In a pitying voice, and looking sorrowful, Olive said, “You’re afraid.”
“Out of my element.” He pushed at his face with his fist.
“What would that element be?”
“Surf.”
“You almost drowned in the surf at Waimea, mate.”
“Maybe I’m not used to this.” He wandered back to the table and flicked one stack with his finger. “I’m not into paperwork.” He saw that Olive was still watching him with pity. “I never wrote a real letter,” he said. He hated the precision of paper, its stern language, the obligations it imposed, the formality of it, the demands. “I never read a real book.”
“That’s the sort of thing a little kid might say,” Olive said. “A lazy little kid.”
He wasn’t insulted. He shrugged and with a stubbornness that hinted at pride he said, “I never had to.”
“You have to now,” Olive said, edging toward him. He was so big when she was near him, her head below the scorpion tattoo on his biceps. But her anger gave her courage. “If you don’t, you might never surf Waimea again. Or anywhere.”
She could see that he was intimidated by this, or at least daunted b
y the prospect. And so she walked past him and went to the first pile, then lifted the folder and slid out a formal document that looked like a diploma, framed with a blue ornamental border.
“Birth certificate,” she said, pinching it. “Forget the other names—this is our man. Max Mulgrave, born in 1950, Floristan County, Arkansas. A southerner. I looked up Floristan. It’s somewhere in the Ozarks. And here’s his diploma: Floristan, the Crusaders.”
“Class of ’69,” Sharkey said. “I was lifeguarding then. What was his sport?”
“No mention of sports here,” she said. “But Stickney did the donkey work by getting all these documents.”
“What’s this pile?”
“Military.”
Hearing the word, Sharkey involuntarily came to attention. He saw the Colonel. He hadn’t thought of him in years. As a father, yes, but not the man in uniform, peering down at him, a cigarette burning in his fingers. Stand up straight and Elbows off the table and You need a haircut. The smoker’s growl.
“He was a soldier,” Sharkey said in a wondering way, his voice trailing off, daunted again but this time by the fleeting apparition of a stranger in uniform, faceless, looming a little, a shadow, someone like his father. He looked aside, wincing.
“So it says.
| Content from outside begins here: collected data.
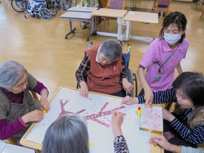 コロナウイルスの影響で行事が軒並み中止となってしまっていますが、「なにか活動がしたい」とのご意見をいただき。貼り絵を作成しました。「ここどうするの?」「どこに貼ろうか?」等和気あいあいと作成されていました。完成しフロア内に貼ると、「きれいだねー」と周りの方々から感想をいただきました。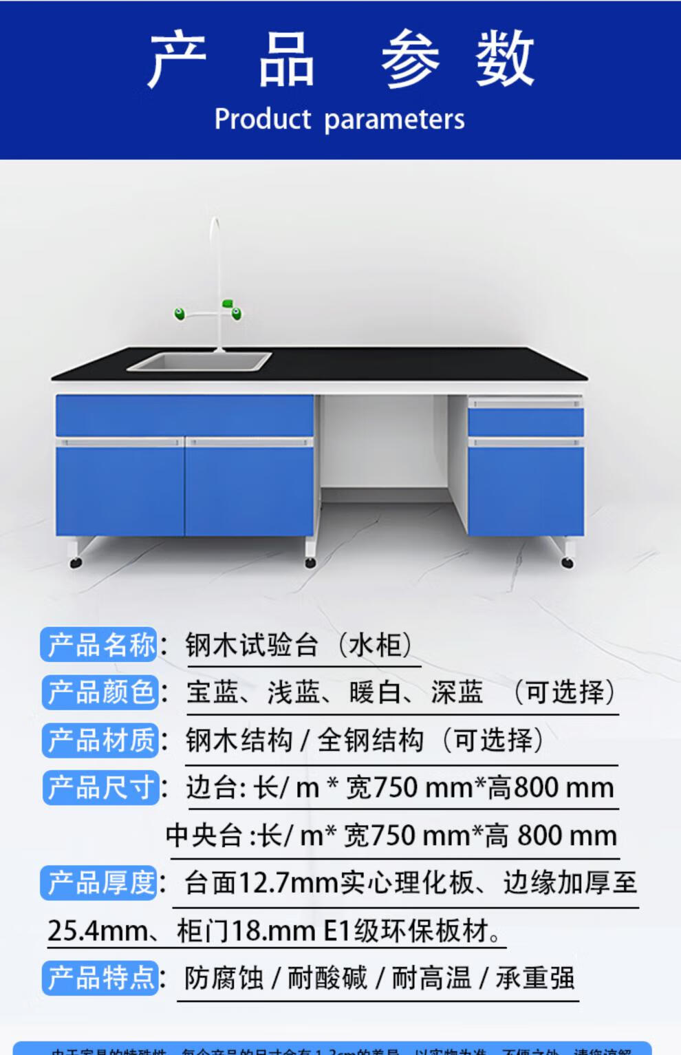 Steel and wood experimental bench, laboratory workbench, all-steel central table, chemical experiment table, laboratory operation table, test bench, 1 meter, steel and wood wall cabinet, in stock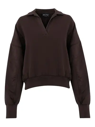 brown v-neck long sleeves elasticated hem polo collar panelled sleeves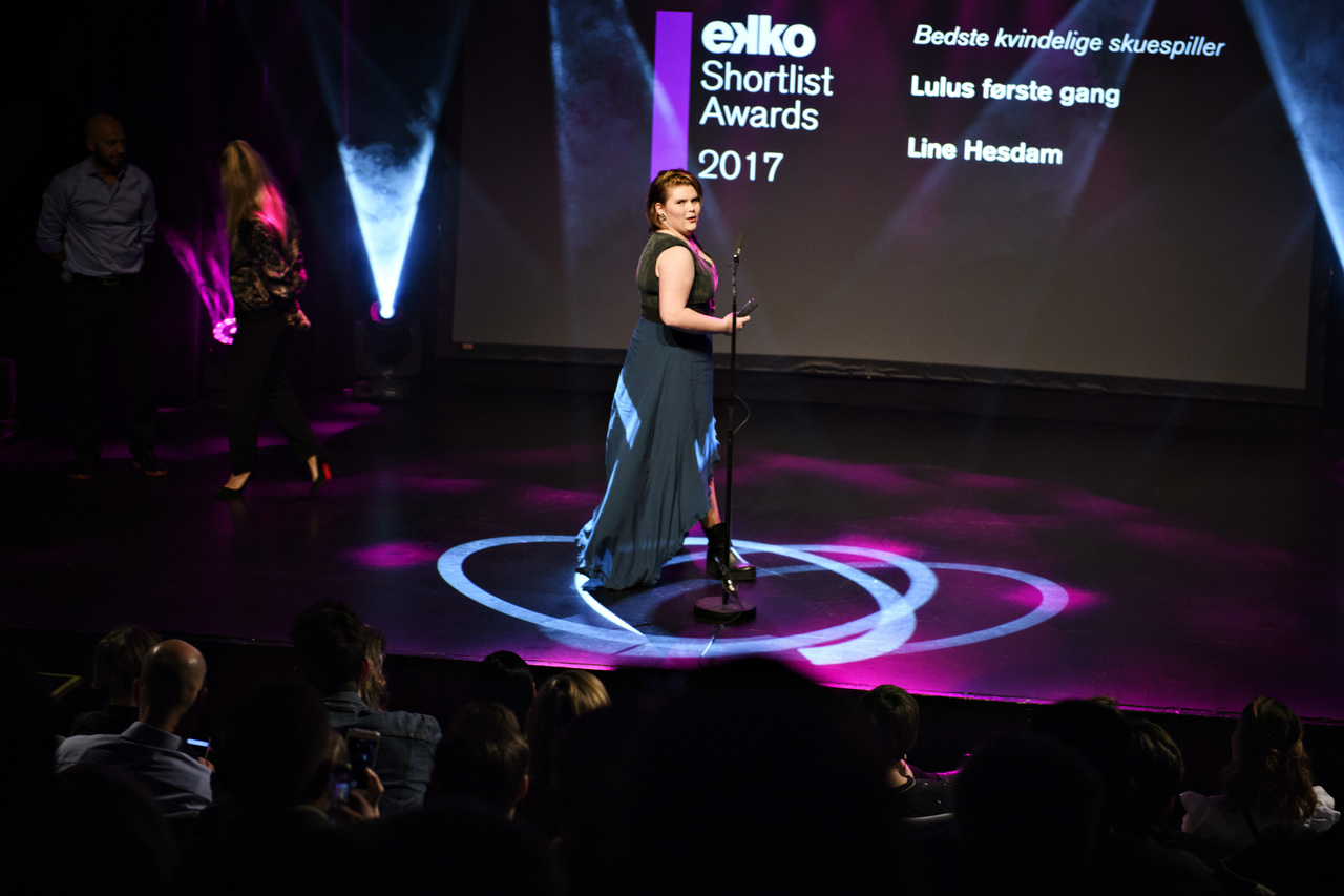 Bedste kvindelige skuespiller går til unge Line Hesdam for rollen som den mobbede titelkarakter i Lulus første gang. Det er Hesdams første pris, men hun husker at takke kollegerne på filmen samt mor og far.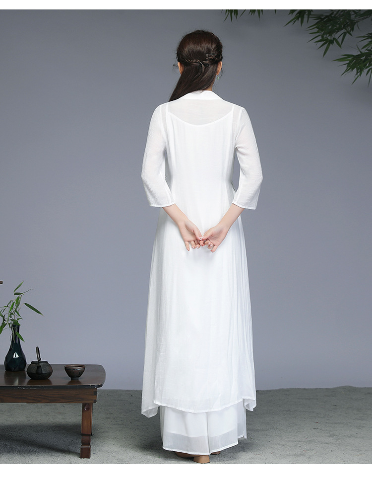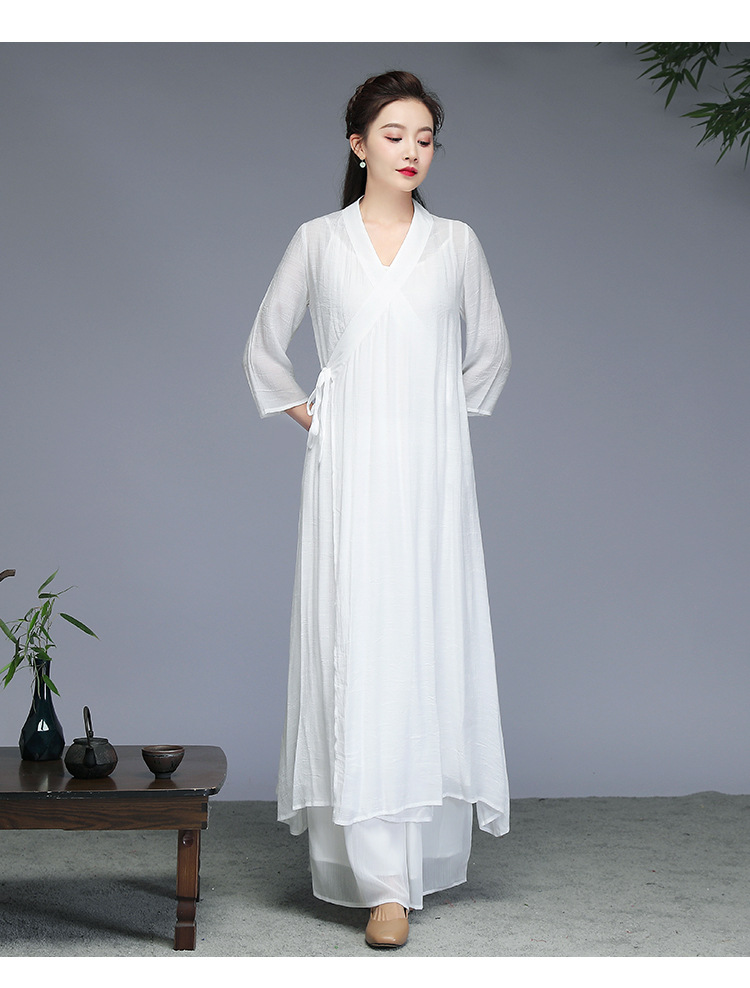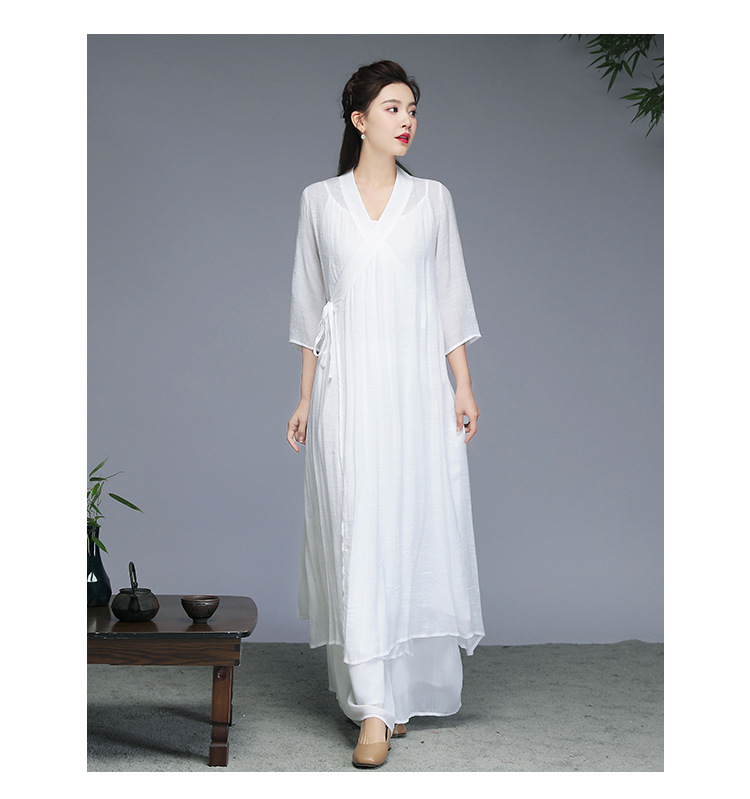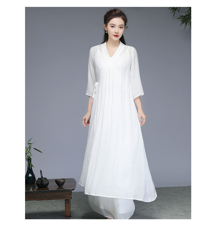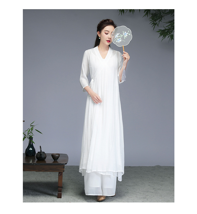 중국 스타일 선 여성을위한 면화 및 린넨 차 의류 명상 의류 선 댄스 의류 복고풍 Hanfu 드레스 투피스 세트 도매
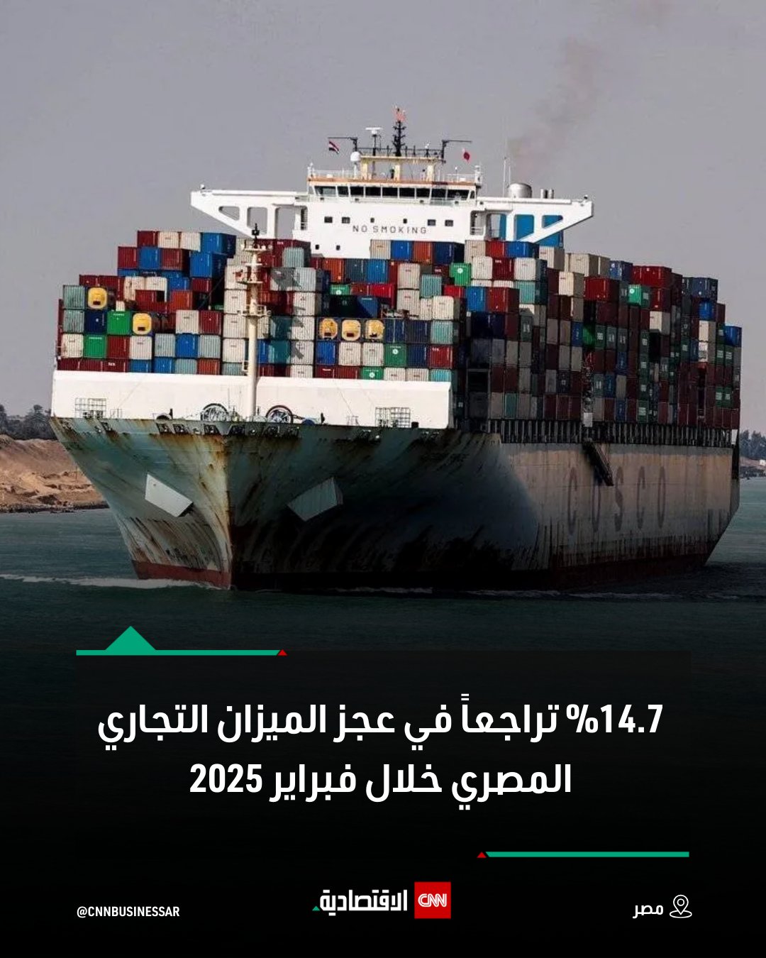 وعلى أساس شهري، انخفض عجز الميزان التجاري في مصر خلال فبراير شباط 2025 بنسبة 32 في المئة إلى 2.327 مليار دولار، بعدما كان قد سجل 3.420 مليار دولار في يناير كانون الثاني 2025.

Stickney must have got his records through the Freedom of Information Act—or probably his department applied.” She was holding a manila folder. Opening it, she said, “This is all public domain stuff, but it’s something.” And she read, “Official Military Personnel File—service number, dates of service—July 1969 to May 1971. Branch—Unit C-Troop. Final Rank E 7, Gunnery Sergeant—Staff Noncommissioned Officer. Place of entrance, Fayetteville, Arkansas. Place of separation, Fort Irwin, California.”
“And what does that tell us, other than he was a grunt?”
“Look at the dates. He enlisted at eighteen, at the height of the Vietnam War.”
“My father’s war,” Sharkey said, and saw the man again, his severe face and upright posture, reeking of cigarette smoke, implacable in his order-giving.